On April 13, 2018, SRC and RHR sent a letter advising ERT to remove its lien on the basis it was invalid and fraudulent; ERT refused. Also on April 13, 2018, Century Asphalt signed a deal with SRC on a new project that the two had previously orally agreed on. SRC claims it was damaged because it was ultimately unable to undertake this project because of ERT's fraudulent lien. SRC projected the profits from the Century Asphalt to be around $440,000. According to SRC, it lacked sufficient funds to procure the necessary equipment to commence the Century Asphalt project because of ERT's inflated lien. Thus, SRC could not make it to the Century Asphalt project in time, and the job was lost:

Litigation History

On November 15, 2018, ERT filed its original petition against SRC, RHR, and Wheatcraft for breach of contract, quantum meruit, and lien-related claims. Among other causes of action, SRC and RHR counterclaimed for breach of contract and for a fraudulent lien under the Fraudulent Lien Statute (Chapter 12 of the Texas Civil Practice & Remedies Code). In full settlement of claims against it, Wheatcraft paid ERT $100,000 that it had trapped, and Wheatcraft was nonsuited. After a bench trial, the trial court awarded SRC and RHR damages, attorneys’ fees, and costs. ERT took nothing. The trial court subsequently entered findings of fact and conclusions of law. On appeal, appellant asserts thirteen issues.

STANDING UNDER FRAUDULENT LIEN STATUTE

In its first issue, ERT asserts SRC does not have standing to pursue a claim under the fraudulent lien statute because SRC is not an "obligor or debtor." Although ERT did not raise this argument below, ERT asserts this issue is jurisdictional and, therefore, not waived.

The Fraudulent Lien Statute is found in Chapter 12 of the Texas Civil Practice & Remedies Code. Section 12.003 ("Cause of Action") provides: "The following persons may bring an action to ... recover damages under this chapter ... in the case of a fraudulent lien or claim against real or personal property or an interest in real or personal property, the obligor or debtor , or a person who owns an interest in the real or personal property." TEX. CIV. PRAC. & REM. CODE § 12.003(a)(8) (emphasis added).

In Pike v. Tex.
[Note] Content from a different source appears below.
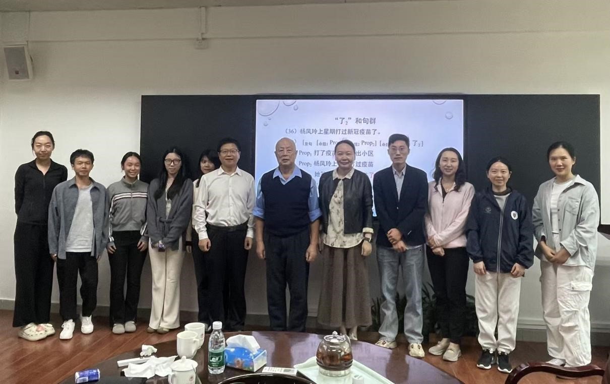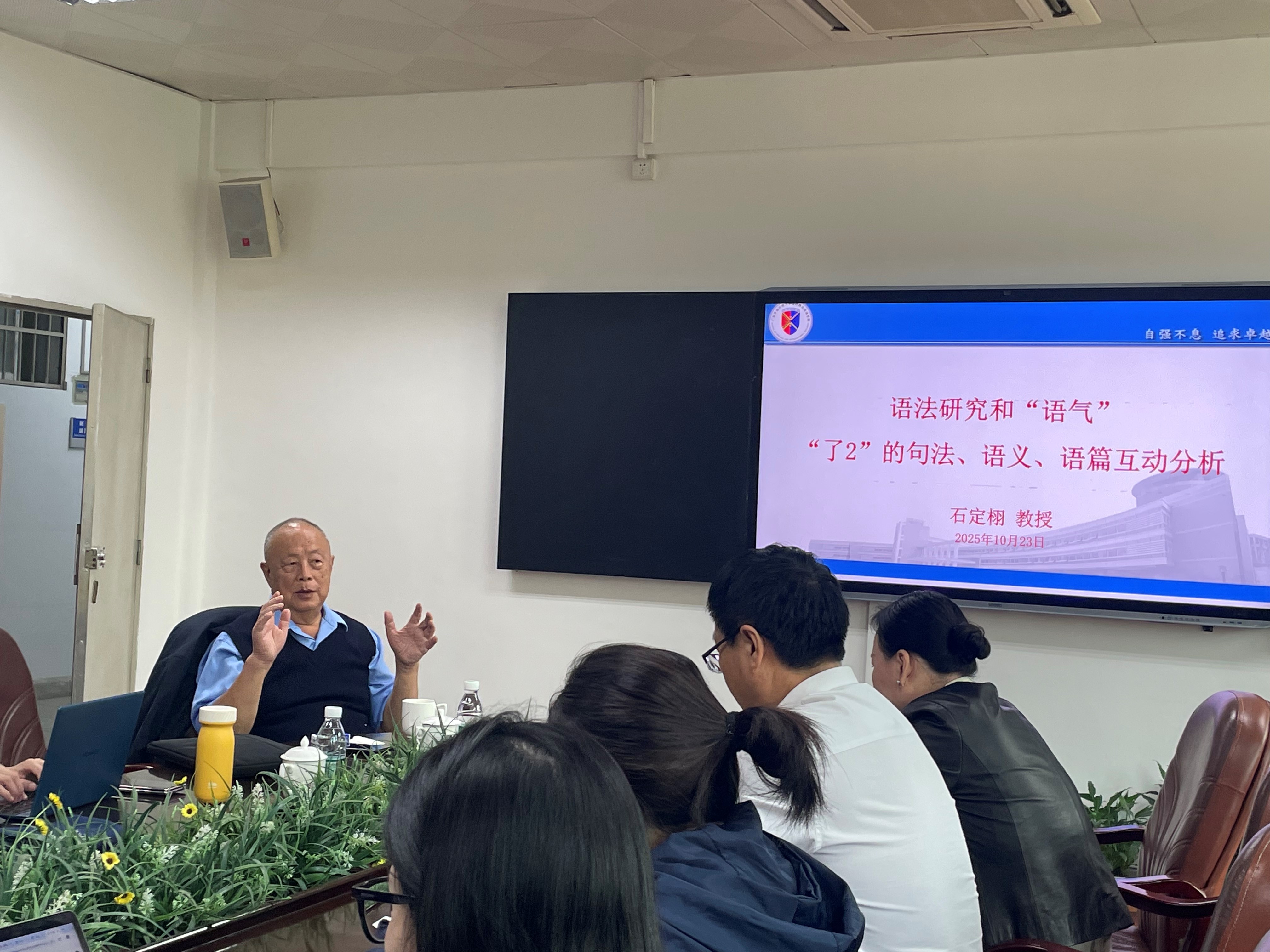 2025年10月23日15:00-17:00,著名语言学家、云山领军学者石定栩教授在第三教学楼318会议室,为我院师生带来了关于 “了2”的句法、语义、语篇互动分析的精彩分享。商英学院院长胡春雨、副院长陈潇潇、教师代表及硕博研究生到场聆听参与。

EMC Mgmt., LLC , the Supreme Court of Texas determined, "[W]hether a party can prove the merits of its claim or satisfy the requirements of a particular statute does not affect the court's subject-matter jurisdiction." 610 S.W.3d 763, 777 (Tex. 2020). "[T]he question whether a plaintiff has established his right to go forward with [his] suit or satisfied the requisites of a particular statute pertains in reality to the right of the plaintiff to relief rather than to the [subject-matter] jurisdiction of the court to afford it. Thus, a plaintiff does not lack standing in its proper, jurisdictional sense simply because he cannot prevail on the merits of his claim; he lacks standing [when] his claim of injury is too slight for a court to afford redress." Id. at 774 (internal quotations omitted) (alterations in original); see also Tex. Bd. of Chiropractic Examiners v. Tex. Med. Ass'n , ...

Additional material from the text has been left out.